Prevalence Ratio (PR) of Hearing Loss in Firefighters versus General Populations

There are several definitions of hearing impairment. In the occupational setting, hearing impairment is generally defined as a pure-tone average (PTA) of the HTLs for both ears that exceeds 25 dB at 1000 Hz, 2000 Hz, 3000 Hz, and 4000 Hz (PTA1234).14 We used it as a definition of hearing loss for comparison. The number of subjects from three groups exceeding these criteria for the average of the both ears was calculated. Hearing loss was calculated by main roles of the firefighter and five age groups. PR of hearing loss among firefighter and each general population was calculated by Cochran–Mantel–Haenszel method, stratified by five age groups.

An association with hearing loss and main role (duration in months) was examined by the generalized linear model (log link, Poisson distribution) with controlling age as a continuous variable. The PRs were calculated for firefighters, using each general population as the reference group. All reported P-values were two tailed, and P<0.05 was established as the level of significance.

Comparison of Firefighters’ HTLs with those of Screened and Unscreened Population

Medians and selected other percentiles are commonly used to describe audiometric threshold distributions, because HTL distributions of population-based samples are usually positively skewed.15 For each test frequency and age group, medians and 90th percentiles of HTLs for Korean firefighters were compared with those from the two comparison groups. For the purpose of comparison, five age groups were used: 24–30, 31–40, 41–45, 46–50, and >51 years. The table for comparison of three groups’ threshold levels consist of 60 cells, and each cell has median or 90th percentile threshold level of each frequency and age group. For each comparison cell, the HTLs of firefighters were judged as “better than,” “not different from,” or “worse than” KONP or KNINEP. To clarify the comparison, the medians with 95th percentile upper and lower confidence intervals for firefighters’ HTLs were represented with those of KONP and KNINEP by audiogram.

There were no personal identifiers recorded in the database.
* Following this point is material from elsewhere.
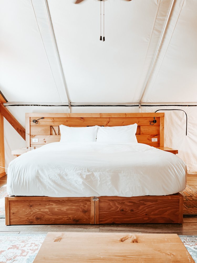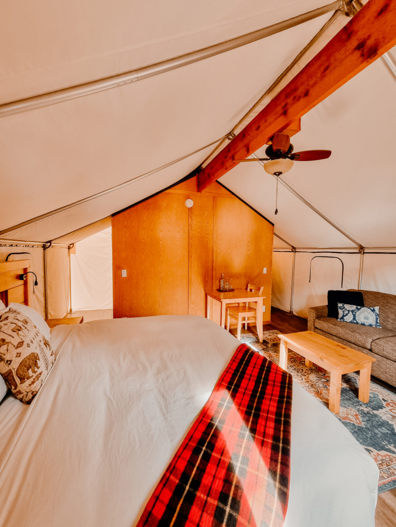 Our glamping tents have flexible configurations depending on your needs. The king-sized bed can be split into two twin beds, there is a pullout sofa bed, plus the ability to accommodate a cot.

The study protocol was approved by the institutional review board (IRB) of the Graduate School of Public Health in Seoul National University, South Korea.

RESULTS

PR of Hearing Loss in Firefighters versus General Populations

Table 1 shows the prevalence and PR of hearing loss (PTA1234≥25 dB) among firefighters and general populations. The average age of the 912 firefighters was 44±8 years, which was not different from those of the comparison groups (44±11 years in KONP, 43±10 years in KNINEP). The HTLs of 1 kHz, 2 kHz, 3 kHz, and 4 kHz were averaged for the left and right ears of each subject (PTA1234). About 16.3% of firefighters had hearing loss, compared with 3.4% of KONP and 17.6% of KNINEP. The PR for firefighters versus KONP was 5.29 (3.34–8.39; P<0.001) and that for firefighters versus KNINEP was 0.99 (0.95–1.03; P=0.550).
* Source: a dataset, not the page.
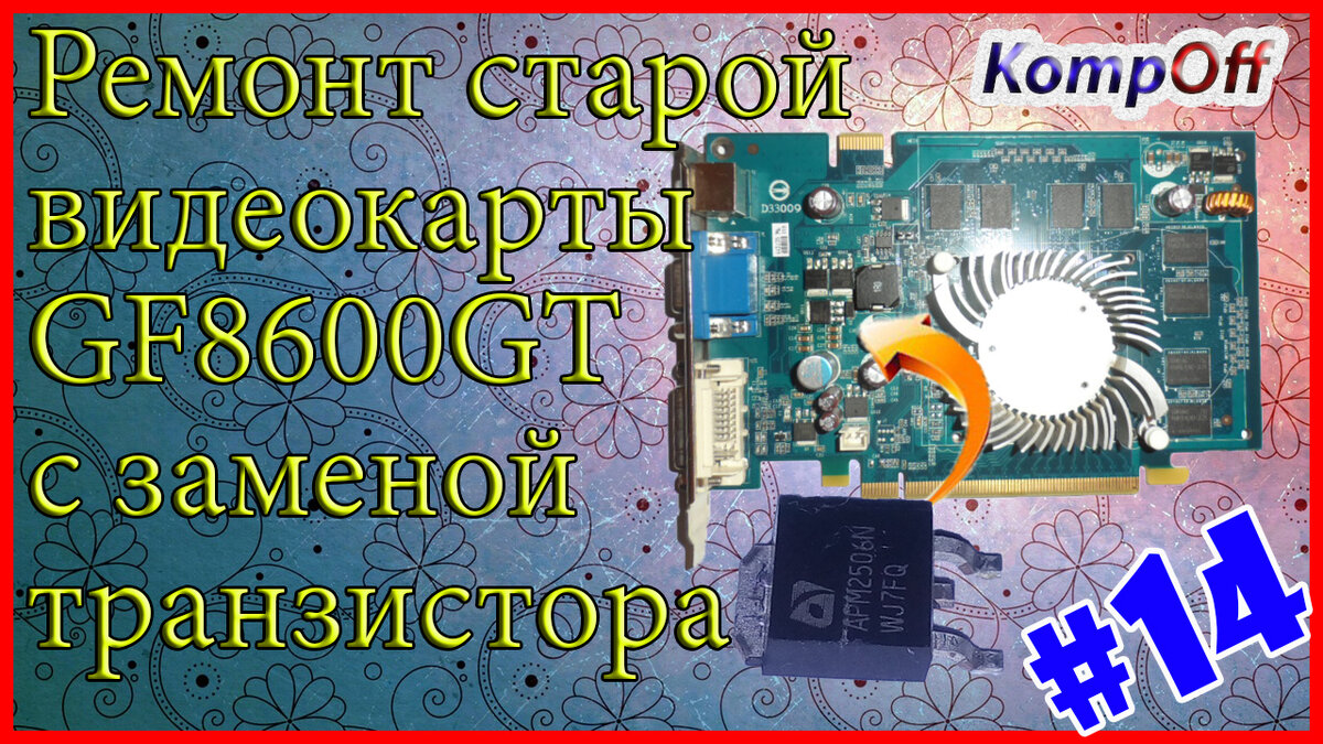 Ремонт видеокарты GF8600GT с заменой транзистора. Ремонт видеокарты своими руками Всем привет! У меня появилась проблема, перестал включаться мой компьютер. Нажимаю на кнопку включения, кулер начинает крутиться на мгновение и тут же останавливается. В чем же причина. Причина скорее всего в коротком замыкании в одном из компонентов пк, из-за которого бп уходит в защиту. Делает он это для того, чтобы не сгорело еще больше деталей. Как найти поломанную деталь? Подпишись на канал и вступи в мои группы: Ссылка на группу в вк: https://vk.com/kompoff_pavlodar Ссылка на группу в ок: https://ok.ru/prokomp ******************************************************** ссылка на мой канал: https://www.youtube.com/channel/UCft7wPzYprpVN8jQ4tjPaaA

Table 1 Prevalence and prevalence ratio of hearing lossa among firefighter and control groups.

In terms of the major roles of firefighters, hearing loss was most prevalent in rescuers (25.8%), followed by office workers (16.6%), suppressors (16.4%), paramedics (13.9%), and drivers (13.8%). The Cochran–Mantel–Haenszel test among the main roles of the firefighters, adjusting for age, demonstrated significant differences among the roles (P=0.030).

Table 2 shows the PRs of hearing loss in firefighters compared with KONP, which is the result of generalized linear model (log link, Poisson distribution) for hearing loss in firefighters and KONP, combined with age and years of service for each main role of the firefighters. The service durations of all main roles were significant predictor of hearing loss, in particular, role as rescuer showed the highest risk (PR=1.010, P<0.0001) than as any other main role. Although age was the strongest predictor as well, age effect became insignificant after service duration of main role had been entered into the regression equation (PR=1.022, P=0.0625).
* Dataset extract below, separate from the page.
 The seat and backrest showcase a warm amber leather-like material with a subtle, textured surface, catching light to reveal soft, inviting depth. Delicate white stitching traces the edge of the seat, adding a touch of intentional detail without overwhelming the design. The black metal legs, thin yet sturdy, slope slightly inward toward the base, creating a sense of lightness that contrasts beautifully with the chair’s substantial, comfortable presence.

Table 2 Results of the generalized linear model (log link, Poisson distribution) for hearing loss in firefighters (N=912) with the KNOP (N=677) as a reference.

The result of generalized linear model (log link, Poisson distribution) for hearing loss among firefighters and KNINEP is shown in Table 3. PRs for hearing loss increased with age (RR=1.077, 95% CI: 1.063–1.091). Duration of service (months) in the role of a rescuer was the only significant predictor of hearing loss after adjusting for age (RR=1.005, 95% CI: 1.002–1.007).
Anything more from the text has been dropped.